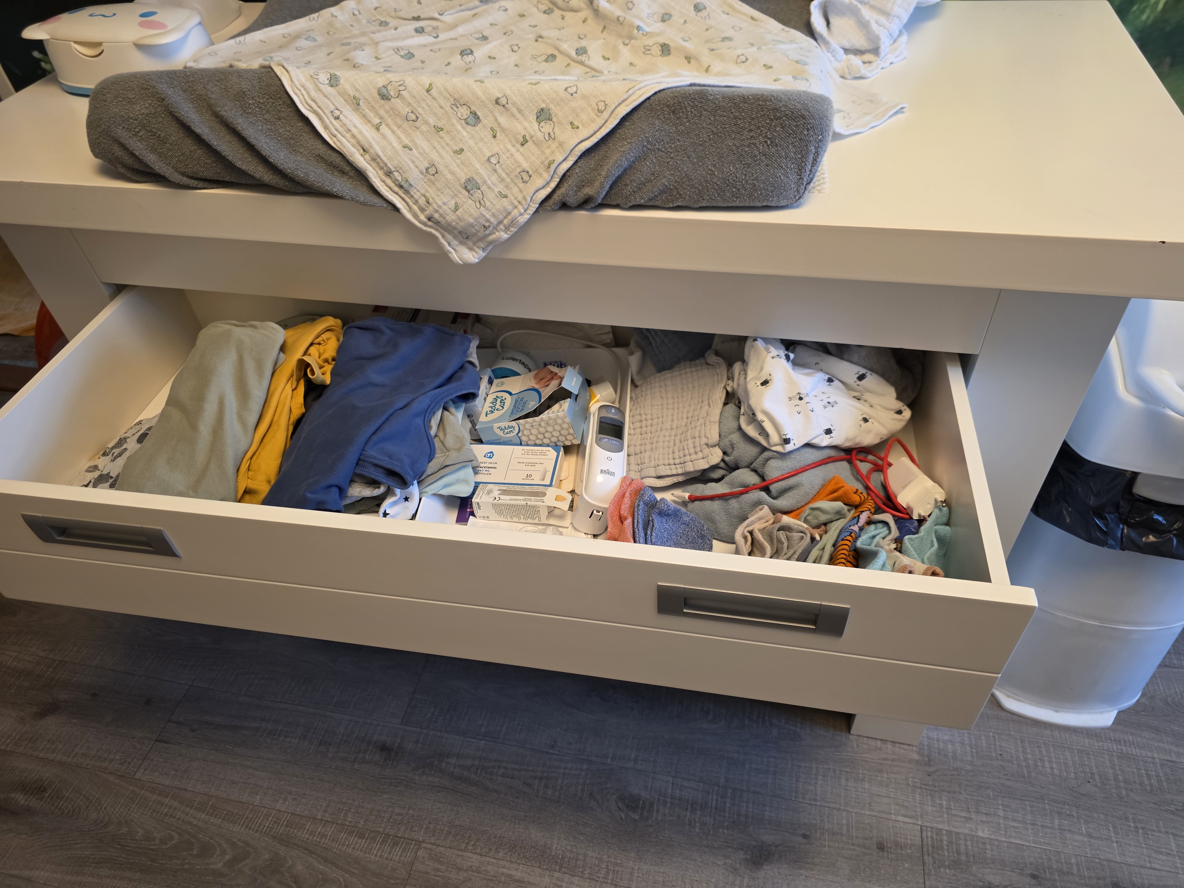 Uiteraard verkoop ik deze zonder de spullen die er op staan of erin liggen. Dus puur de commode en kast zelf. De commode heeft 3 lades en de kast heeft aan beide kanten bovenin een plank en daaronder een stang en een plank.
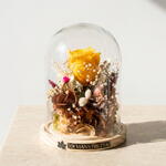 eucalipto - 1 шт. paniculata - 1 шт. гортензия - 1 шт. стеклянный купол - 1 шт. жёлтая стабилизированная роза - 1 шт.
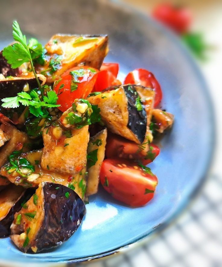 Подготавливаем все продукты. Баклажаны моем, нарезаем на крупные треугольники или кубики, выкладываем в миску с холодной подсоленной водой. Перемешиваем ложкой, пусть они немного пропитаются водой. Откидываем на дуршлаг, чтобы стекла лишняя влага. Томаты черри моем, сушим и нарезать на четыре части. Чеснок чистим и рубим в мелкую крошку. Мелко крошим чистую, просушенную кинзу. Перекладываем баклажаны в миску с крахмалом и перемешиваем ложкой. Благодаря этому ингредиенту баклажаны получатся с аппетитной корочкой и нежным мякишем внутри. Опускаем баклажаны во фритюр и жарим примерно 5 минут. Температура масла должна составлять 200°C. Так как у меня нет фритюрницы, я жарю их в сотейнике. Погружаю в хорошо разогретое масло небольшими порциями. Шумовкой достаем готовые баклажаны и выкладываем на салфетку, чтобы стекло лишнее масло. Тем временем готовим заправку. Смешиваем соевый соус, соус чили, измельченный чеснок, соль, кинзу и свежемолотый перец. Хорошо перемешиваем. В глубокую миску вы
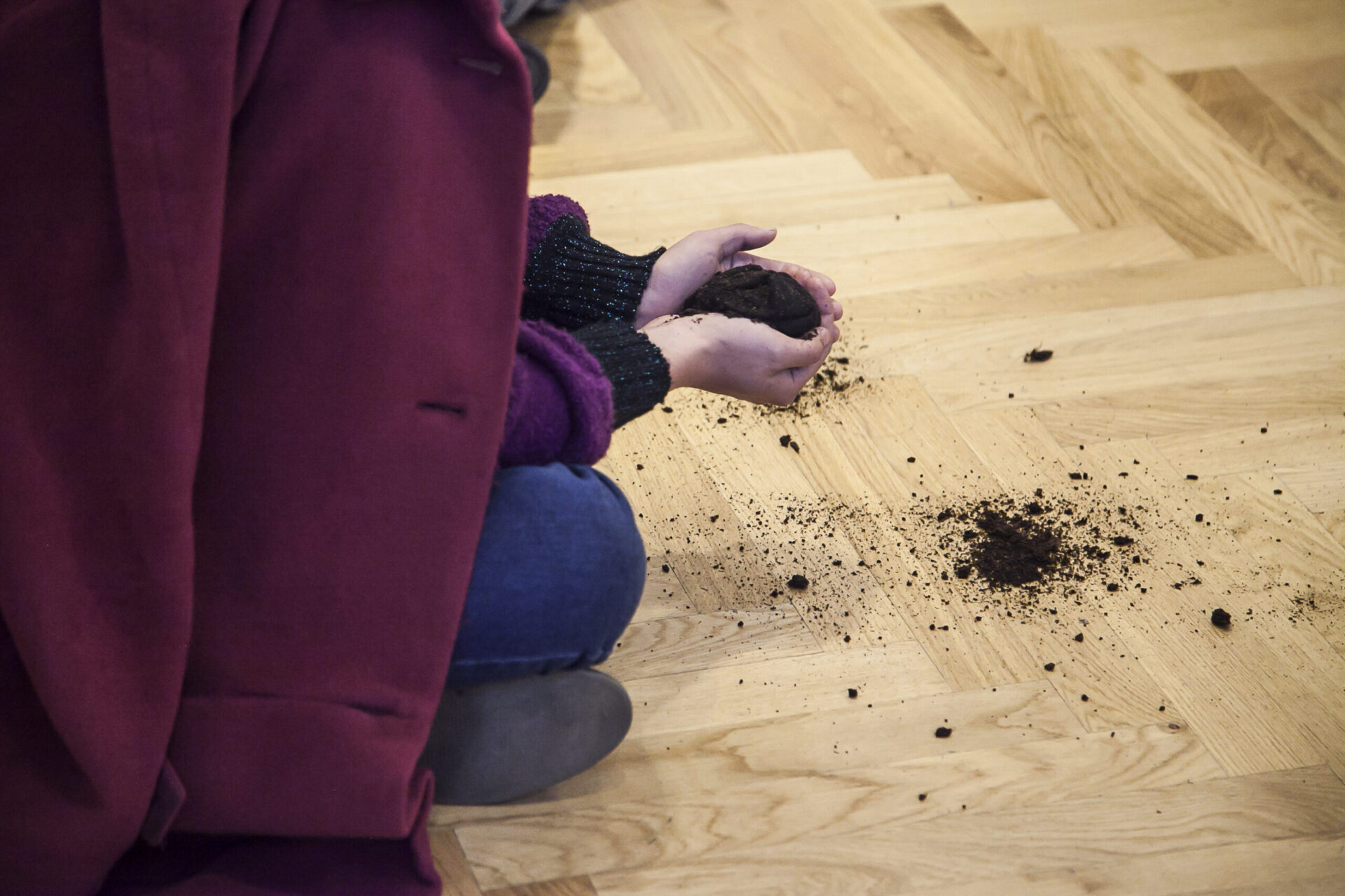 Site-specific performance by Marta Lodola, duration 1 hour and 30 min. Materials: trash bag, elegant suit, plant’s bulbs, black textile, red wool, soil, public engagement
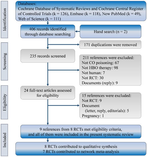 Our search yielded a total of 404 references in the Cochrane Database of Systematic review (including CENTRAL; k = 126), Embase (k = 118), New PubMed (k = 49), and Web of Science (k = 111). No further published RCTs could be found according to trial numbers in clinicaltrial.gov. Two more references were identified from reference lists of relevant systematic reviews. We excluded 382 of them because of duplicated references (k = 171), irrelevant references (k = 172), non-RCTs (k = 30), and documents (k = 9). Of the 24 references that remained for further review, we further excluded 15 for non-RCTs (k = 9), documents (k = 5), and a special population (k = 1). Finally, we included nine full-text publications from eight RCTs in this systematic review with network meta-analysis [2,11,12,13,14,15,25,26,27]. Figure 1 shows the flow diagram for evidence selection of HBO treatments in patients with CO poisoning.
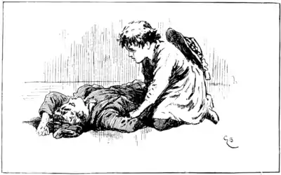 Suddenly a child's terrified scream, breaking the stillness of the place, startled her. She hastened in the direction from which the sound had come, and was soon on the spot where Ralphie lay unconscious on the floor, Nellie crouched beside him.
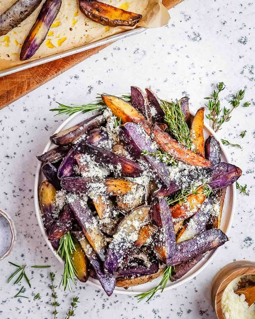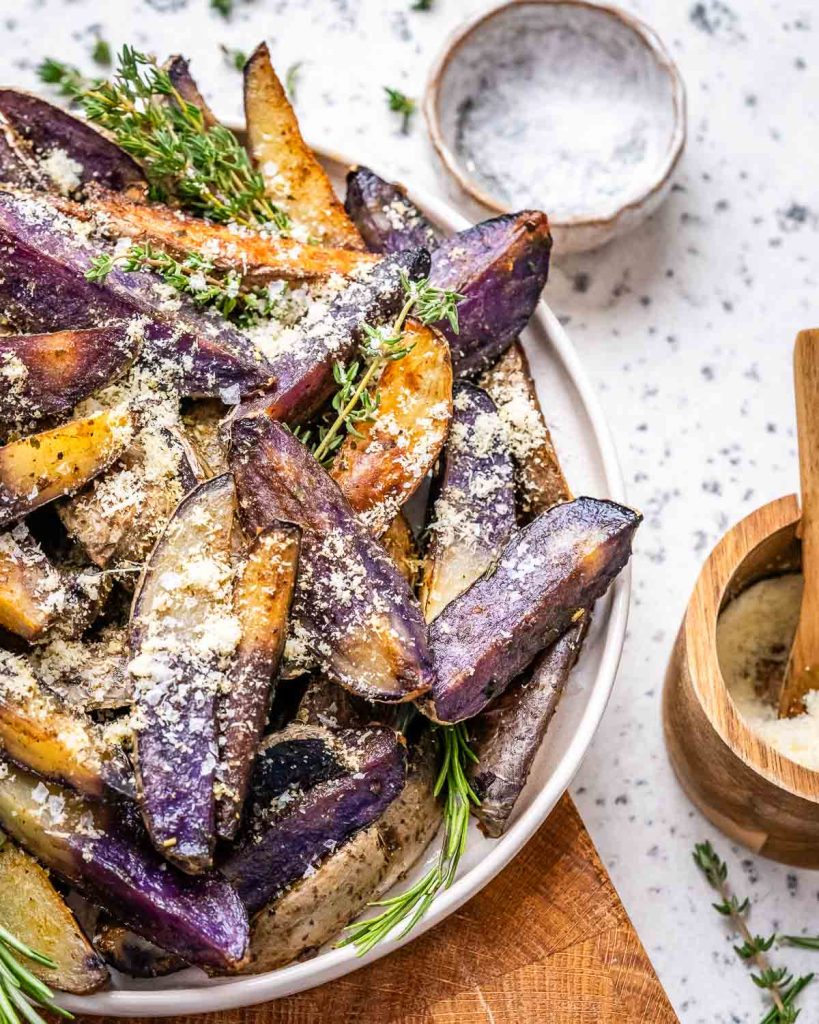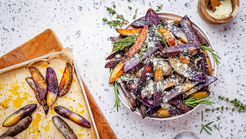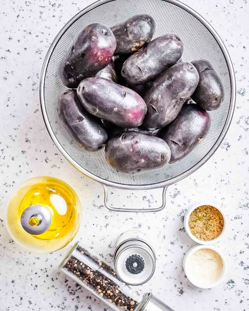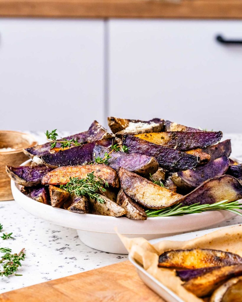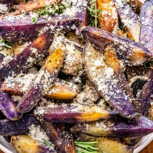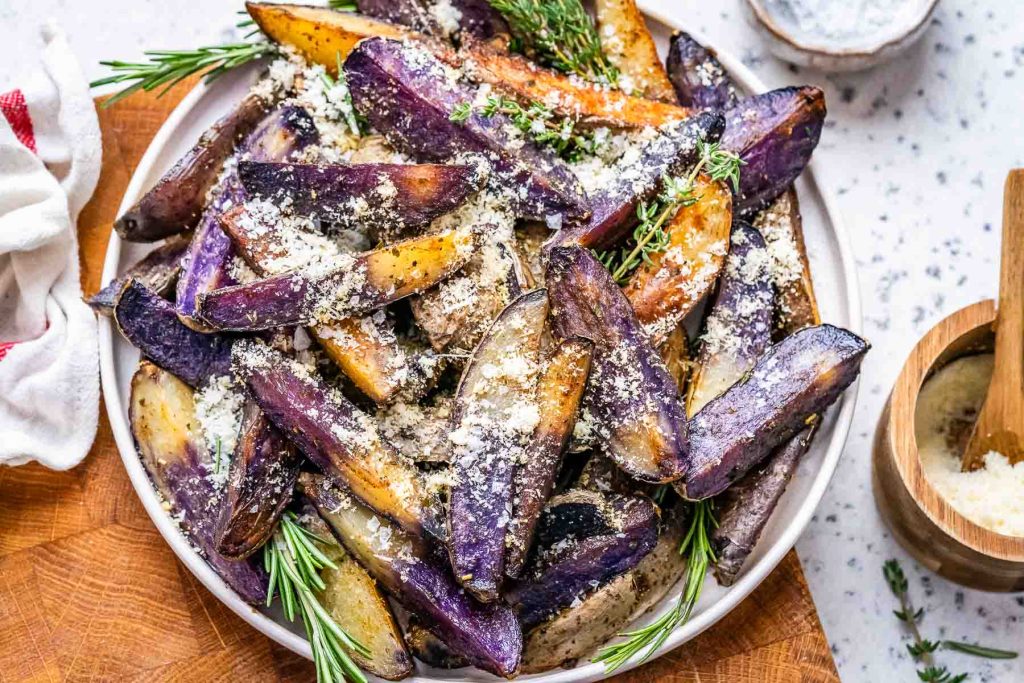 - 3 lbs purple potatoes, scrubbed and sliced into wedges
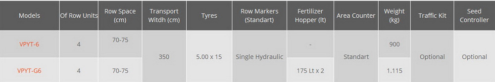 -Coulter Type Row Units – Standart metal or plastic fertilizer hopper. – Single Hydraulic Row Markers – Coulter Type Fertilizer Tines – 2 set of seeding disc – PTO Shaft (Can be chosen octagonal or hexagonal input ) – Area Counter
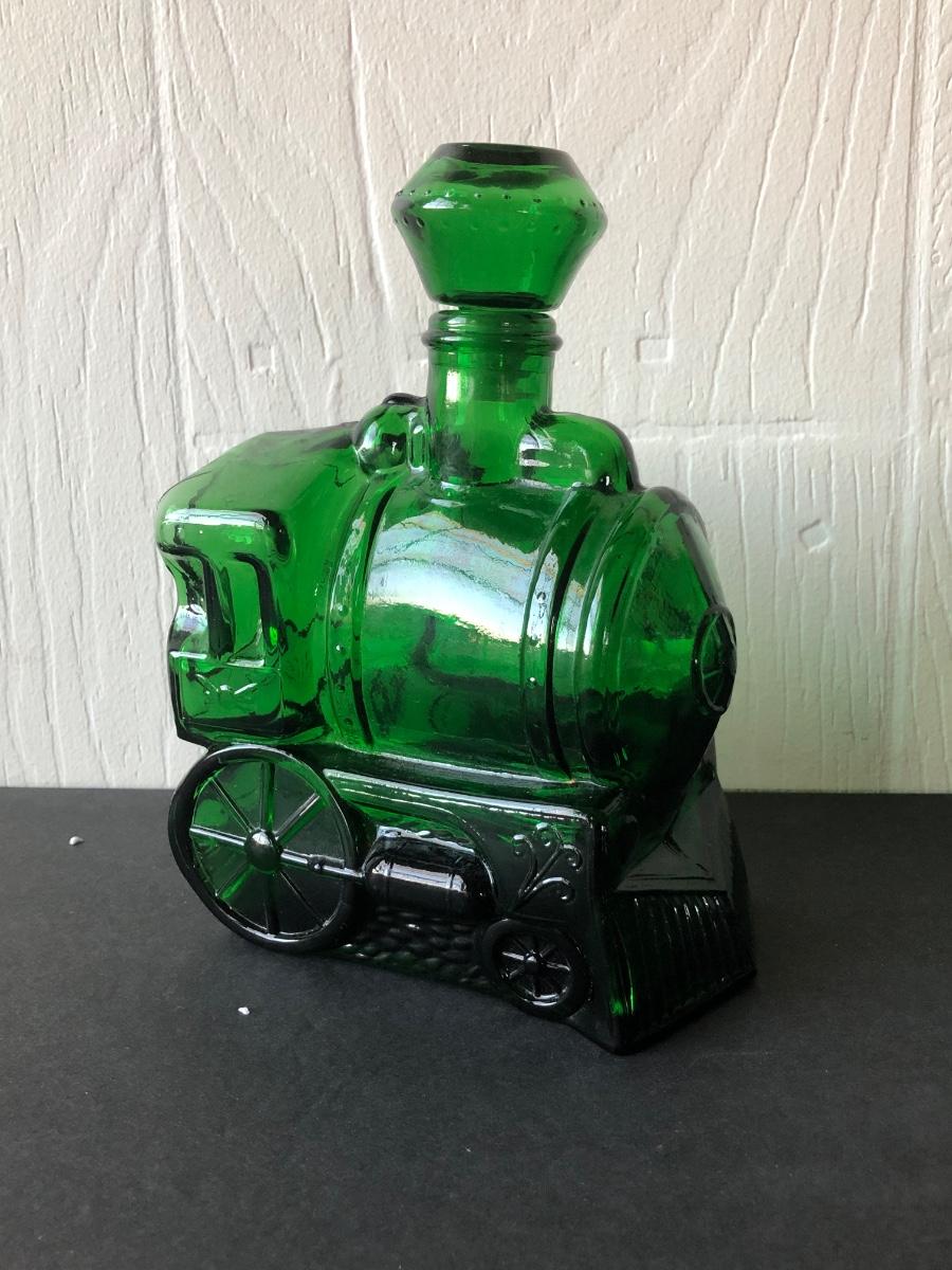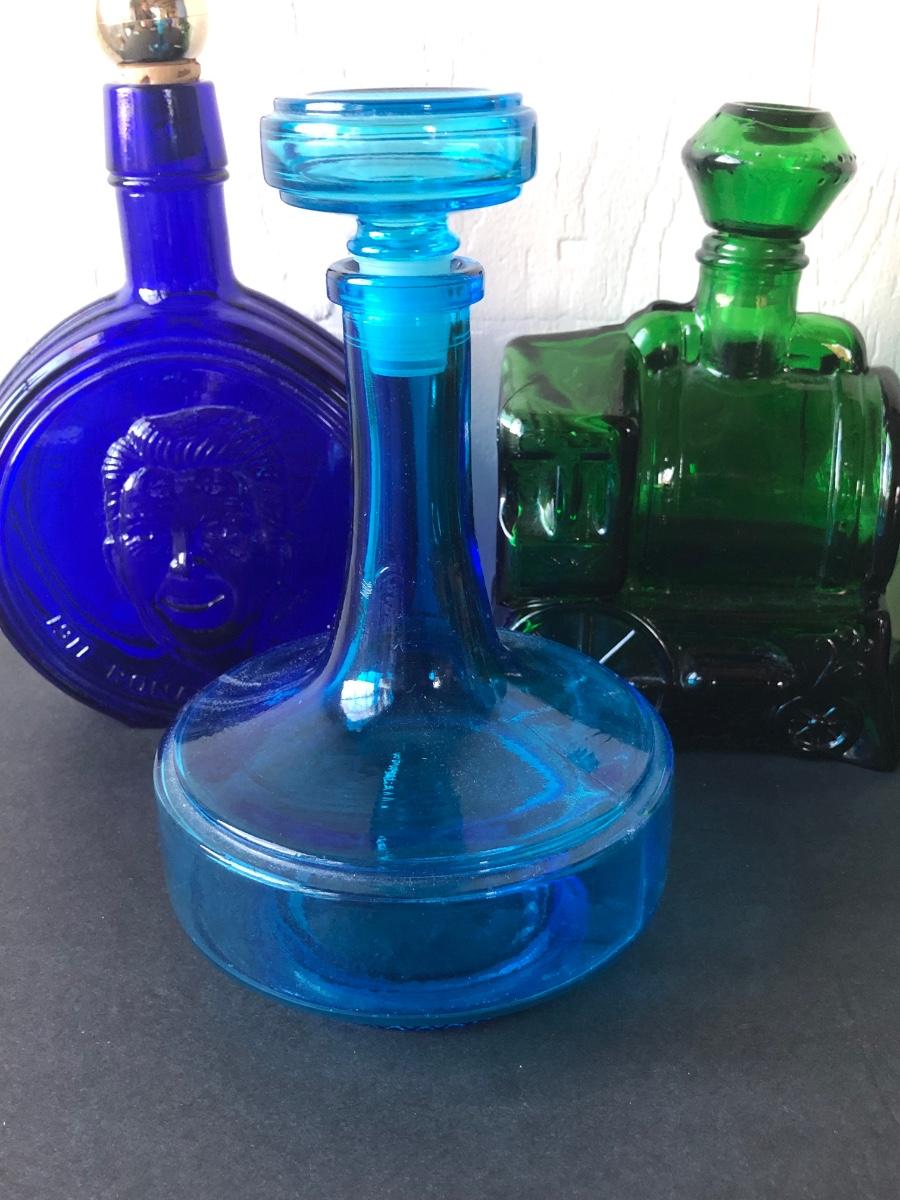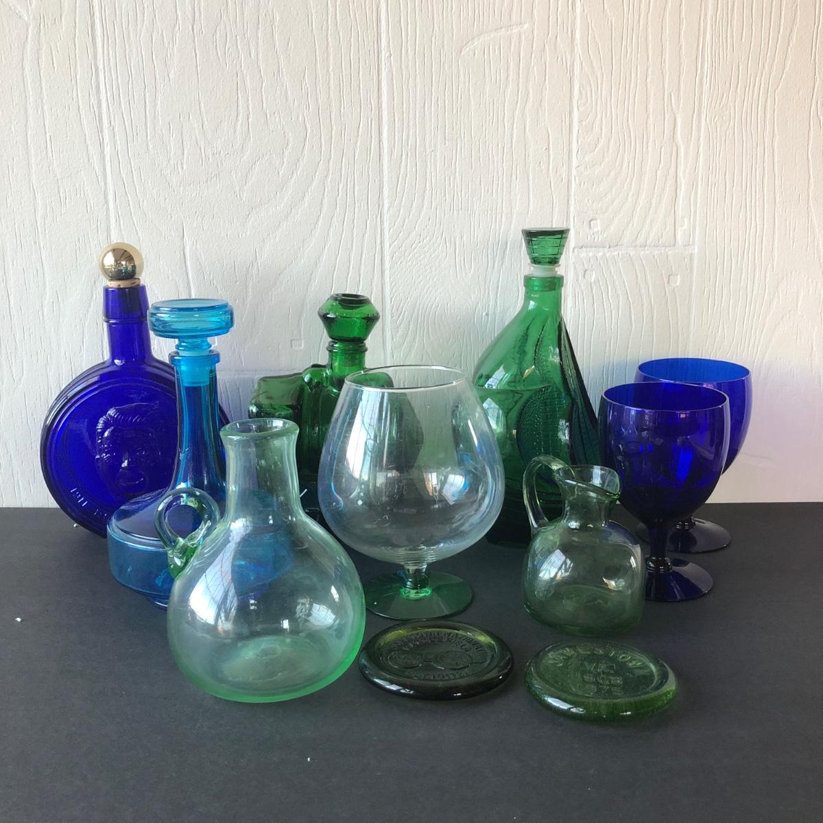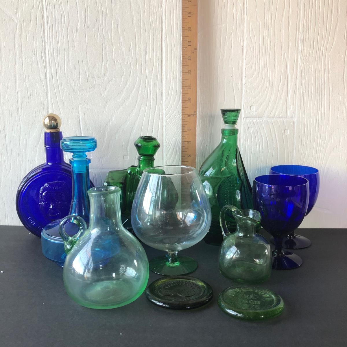 LOT 37B: Blue & Green Glass Collection - Ronald Reagan Wheaton Bottle, Jamestown Paperweight, Yorktown National Battlefield Paperweight, Train & Ship Decanters & More

# Problem to work on
From the first line through the line with "Site-specific performance by", output those lines of the entries above exactly, and nothing else, with the pictures left out.

# Answer to this exercise
 Uiteraard verkoop ik deze zonder de spullen die er op staan of erin liggen. Dus puur de commode en kast zelf. De commode heeft 3 lades en de kast heeft aan beide kanten bovenin een plank en daaronder een stang en een plank.
 eucalipto - 1 шт. paniculata - 1 шт. гортензия - 1 шт. стеклянный купол - 1 шт. жёлтая стабилизированная роза - 1 шт.
 Подготавливаем все продукты. Баклажаны моем, нарезаем на крупные треугольники или кубики, выкладываем в миску с холодной подсоленной водой. Перемешиваем ложкой, пусть они немного пропитаются водой. Откидываем на дуршлаг, чтобы стекла лишняя влага. Томаты черри моем, сушим и нарезать на четыре части. Чеснок чистим и рубим в мелкую крошку. Мелко крошим чистую, просушенную кинзу. Перекладываем баклажаны в миску с крахмалом и перемешиваем ложкой. Благодаря этому ингредиенту баклажаны получатся с аппетитной корочкой и нежным мякишем внутри. Опускаем баклажаны во фритюр и жарим примерно 5 минут. Температура масла должна составлять 200°C. Так как у меня нет фритюрницы, я жарю их в сотейнике. Погружаю в хорошо разогретое масло небольшими порциями. Шумовкой достаем готовые баклажаны и выкладываем на салфетку, чтобы стекло лишнее масло. Тем временем готовим заправку. Смешиваем соевый соус, соус чили, измельченный чеснок, соль, кинзу и свежемолотый перец. Хорошо перемешиваем. В глубокую миску вы
 Site-specific performance by Marta Lodola, duration 1 hour and 30 min. Materials: trash bag, elegant suit, plant’s bulbs, black textile, red wool, soil, public engagement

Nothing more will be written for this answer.